We drove away in two cars.

“Where are we going?” I asked my dad.

“To a hotel,” he said.

The nearest town was about twenty or thirty minutes away. We quickly found out that the hotel was full. Same with the other few in the neighboring towns. Everyone else we knew had also evacuated, so there was no one we could stay with for a few days. They were setting up a temporary shelter at the fairgrounds, but my parents didn’t want to stay there.

I’m not sure how the decision had been made, but we ended up at my mom’s work. She was a preschool teacher and the center was closed as it was summer break. Our neighbors and family friends were also there and after a call to my mom’s work, it was decided that our two families would say there.

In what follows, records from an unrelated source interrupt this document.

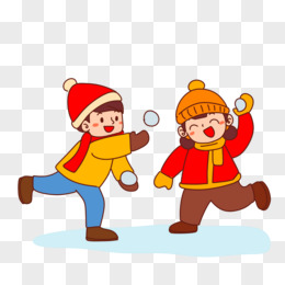 手绘卡通小伙伴们一起打雪仗免抠素材
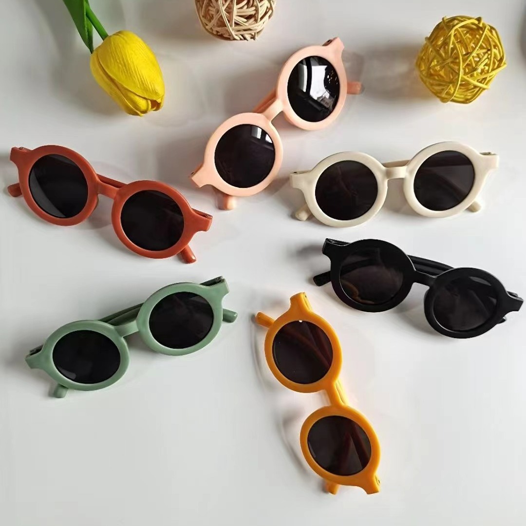 2023ins 인기있는 어린이 선글라스 레트로 소년 소녀 어린이 선글라스 재고 아기 원형 프레임 선글라스
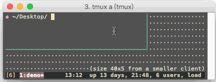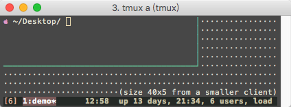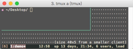 tmux默认会同步同一个会话的操作到所有会话连接的终端窗口中,这种同步机制,限制了窗口的大小为最小的会话连接。因此当你开一个大窗口去连接会话时,实际的窗口将自动调整为最小的那个会话连接的窗口,终端剩余的空间将填充排列整齐的小圆点,如下所示。
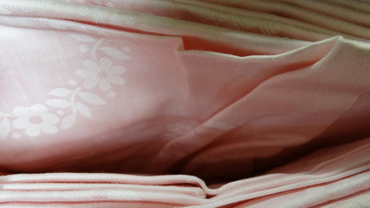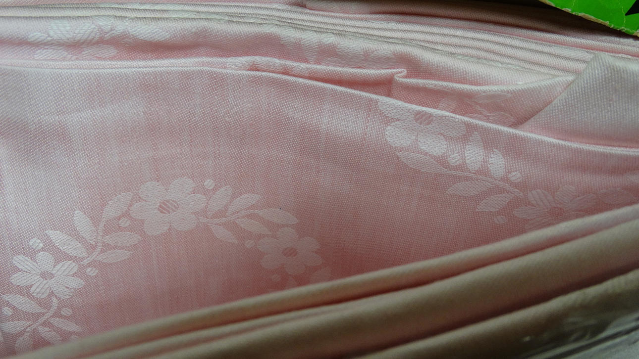 Damast, rosa, två omslag, vardera 200 x 155 cm och 80 x 80 cm.
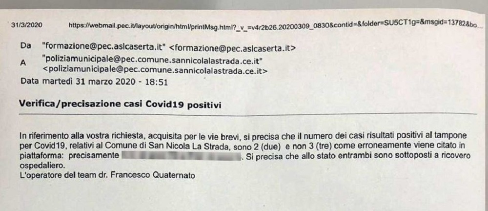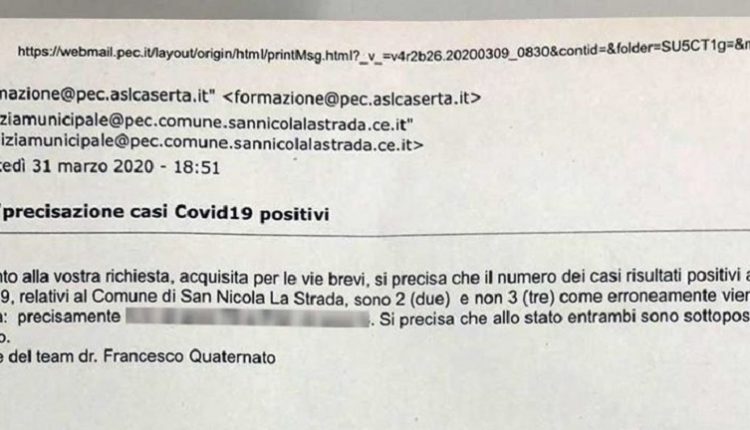 Venuto a conoscenza di quanto stava succedendo, il primo cittadino ha telefonato immediatamente ai vertici dell’ASL di Caserta che, resosi conto dell’errore, provvedeva ad inviare una PEC alla Polizia Municipale dove veniva precisato che i casi positivi sono DUE e non tre. Di seguito, pubblichiamo il post del Sindaco Marotta in merito che chiede alla cittadinanza di non farsi prendere dal “panico”: “Una precisazione innanzitutto: al momento in cui scrivo, le persone risultate positive al Covid-19 a San Nicola la Strada sono DUE.

I was thrilled! There was a kitchen, a bathroom and a playground. The four of us kids walked a few blocks to VHS video store and each got to pick out a movie to watch and arrived back at the center to find that our parents had made makeshift beds for us in the open classroom and had gotten snacks ready.

The whole time felt like a grand vacation to me. I got to spend time with my best friend, we slept somewhere fun and exciting, and we got to watch movies. All the trepidation I’d felt leaving my home had disappeared.

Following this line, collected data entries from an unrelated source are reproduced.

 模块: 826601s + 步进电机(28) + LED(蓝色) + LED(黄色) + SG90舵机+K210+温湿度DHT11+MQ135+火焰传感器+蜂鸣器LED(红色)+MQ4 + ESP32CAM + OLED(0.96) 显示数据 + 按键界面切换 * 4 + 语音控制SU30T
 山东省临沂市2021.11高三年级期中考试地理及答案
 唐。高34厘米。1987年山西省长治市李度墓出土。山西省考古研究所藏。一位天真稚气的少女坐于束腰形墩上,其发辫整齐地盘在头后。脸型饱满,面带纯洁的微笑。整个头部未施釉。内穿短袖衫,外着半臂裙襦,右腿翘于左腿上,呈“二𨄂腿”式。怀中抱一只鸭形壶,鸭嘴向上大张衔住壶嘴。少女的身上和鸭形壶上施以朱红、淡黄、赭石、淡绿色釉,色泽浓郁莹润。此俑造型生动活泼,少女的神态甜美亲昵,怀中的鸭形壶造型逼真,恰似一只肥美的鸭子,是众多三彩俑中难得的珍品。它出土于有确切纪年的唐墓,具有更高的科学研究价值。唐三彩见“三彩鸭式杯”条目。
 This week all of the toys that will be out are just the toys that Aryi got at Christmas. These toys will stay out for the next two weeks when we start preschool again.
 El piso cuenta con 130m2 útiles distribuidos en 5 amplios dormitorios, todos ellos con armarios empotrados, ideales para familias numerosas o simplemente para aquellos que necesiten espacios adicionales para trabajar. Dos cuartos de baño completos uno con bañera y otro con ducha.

We returned to our house briefly to gather some more things. It was earie and quiet in our neighborhood, and we were told that it wasn’t advisable that we stay for long.

In the end, our house was spared, as were those of our friends and neighbors. The fire was devestating-as they always are-but it didn’t have a longlasting effect on me overall.

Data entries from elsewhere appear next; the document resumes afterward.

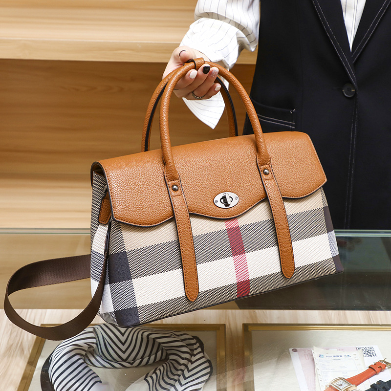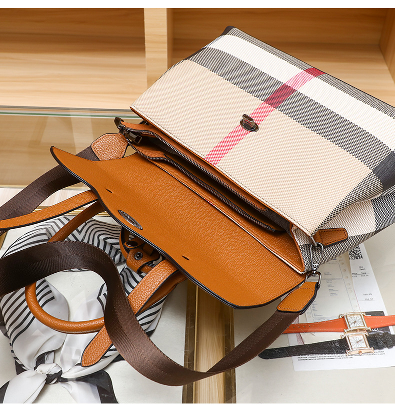 정품 가죽 여성 가방 2024 신상 패션 스퀘어 백 여성 다용도 핸드백 크로스백 숄더백 독특한 체크무늬 가방
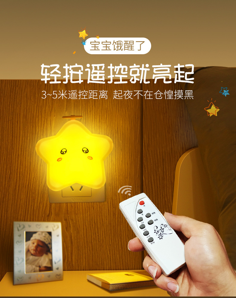 五角星遥控小夜灯卡通卧室床头灯婴儿喂奶台灯插电式护眼睡眠小灯
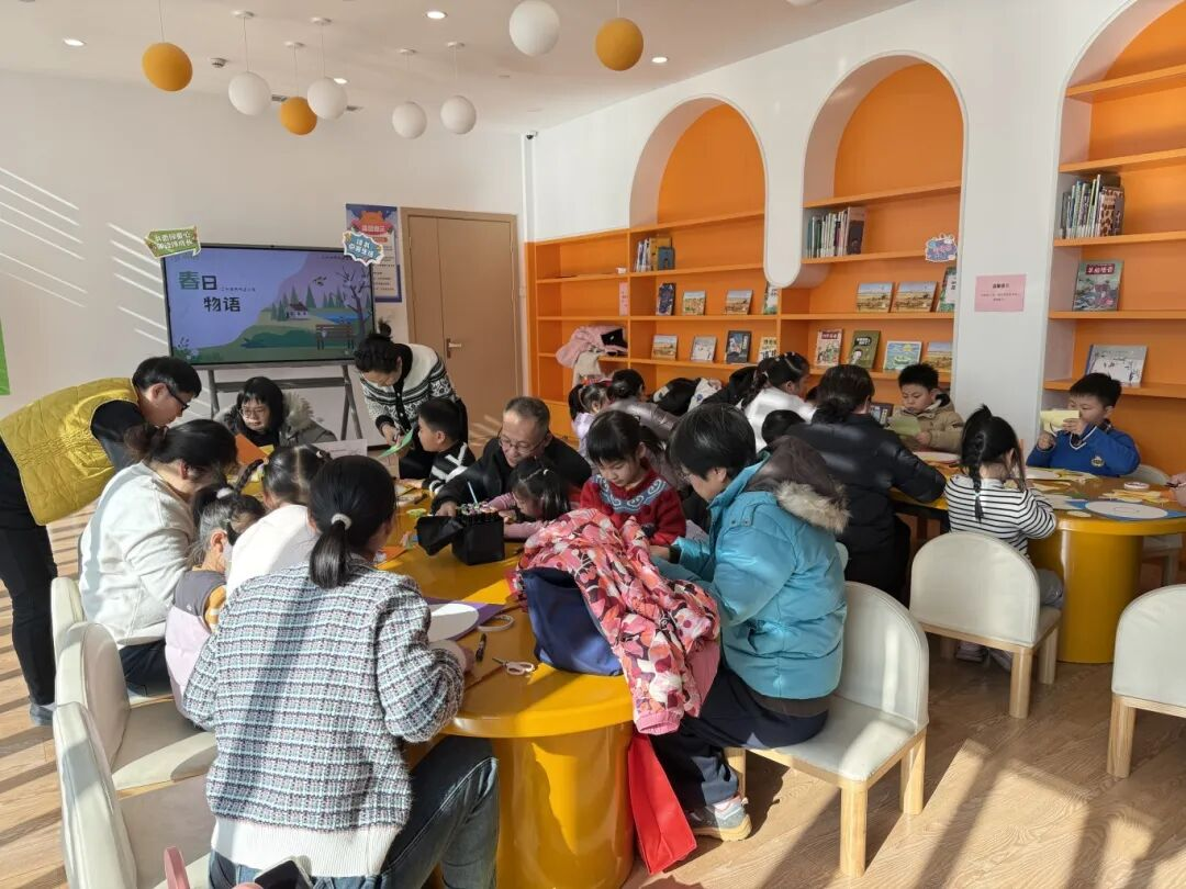 近日,淞南镇图书馆儿童友好阅读新空间内暖意融融、笑语盈盈,14组亲子家庭如约相聚,共同踏上“跟着绘本去旅行:24节气奇妙之旅”的首站——《立春·吃春饼》绘本共读与手工创作活动。
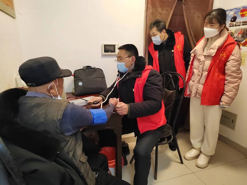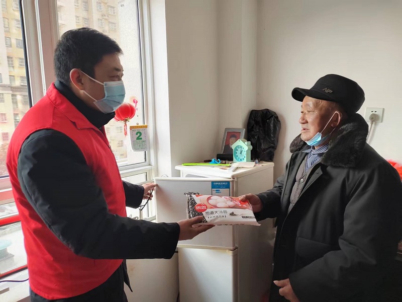 情暖“一老”,关怀到家。在空巢老人家中,志愿者们亲切地与老人谈心交流,在家长里短的交流中细心询问老人的身体情况及生活状况,为老人送上了粮、油和汤圆等慰问品。在得知老人患有高血压后,志愿者刘飞为老人测量了血压,叮嘱老人要按时服药、合理调节饮食起居。
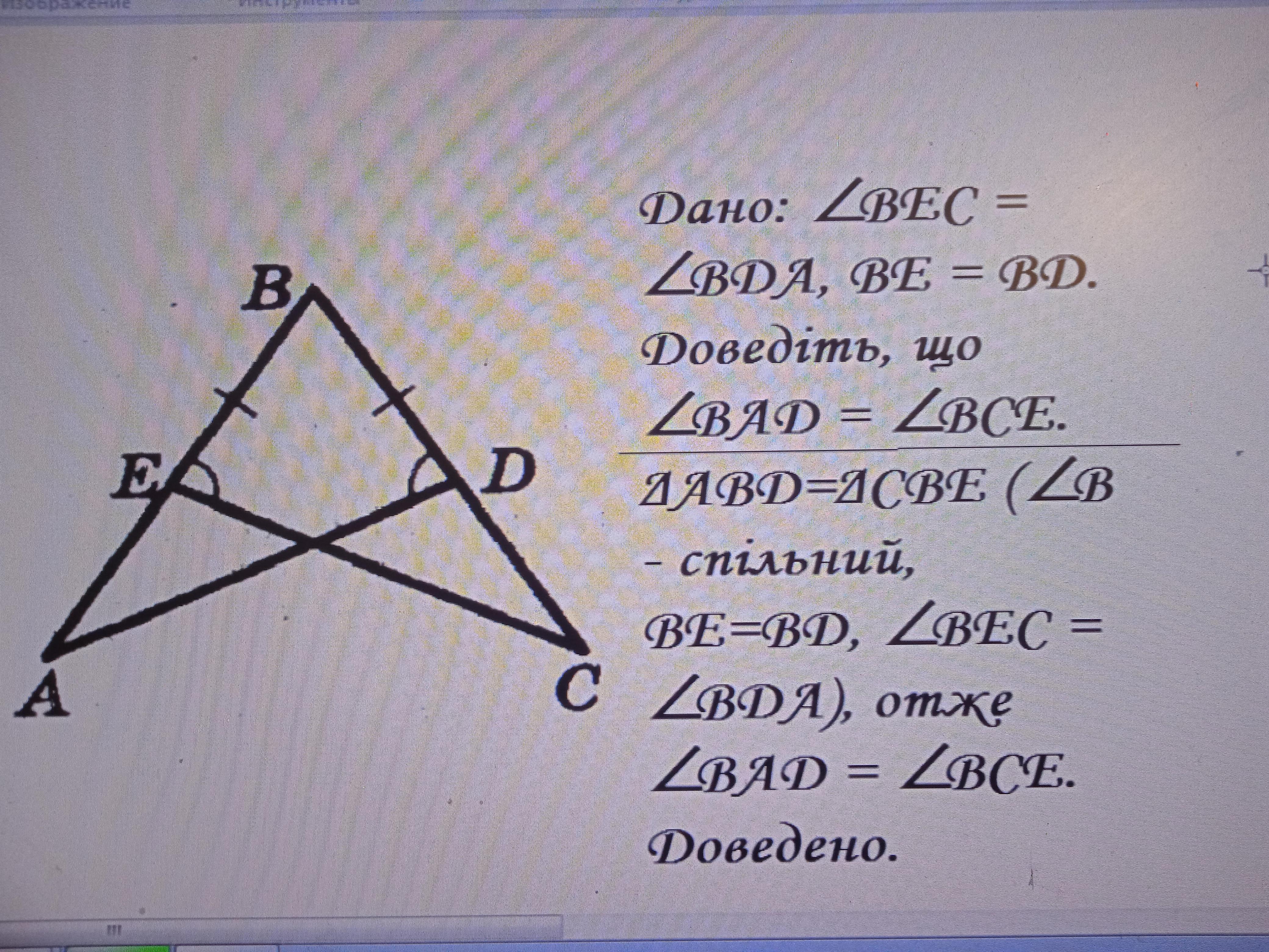 На рисунку ∠ВЕС = ∠ВОА, ВЕ = ВD. Доведіть, що ∠ВАD = ∠ВСЕ.

A couple of years ago, the news of forest fires began nagging at me and one of the people interviewed said she was devestated that she’d lost her family photos.

That comment stuck with me, as I had boxes and boxes of photos- those from my life and all of the family pictures my parents gave to me. They made every move and were one of the things that took up special real estate in the eight by eight storage unit we rented when we moved abroad.

I began to worry about losing my photographs. I could grab the small fireproof box that held papers that would make recreating life easy- my birth certificate, marriage license, and house documents. I paused when I realized that all those things were replaceable. Maybe not without a giant headache, but I could get another copy.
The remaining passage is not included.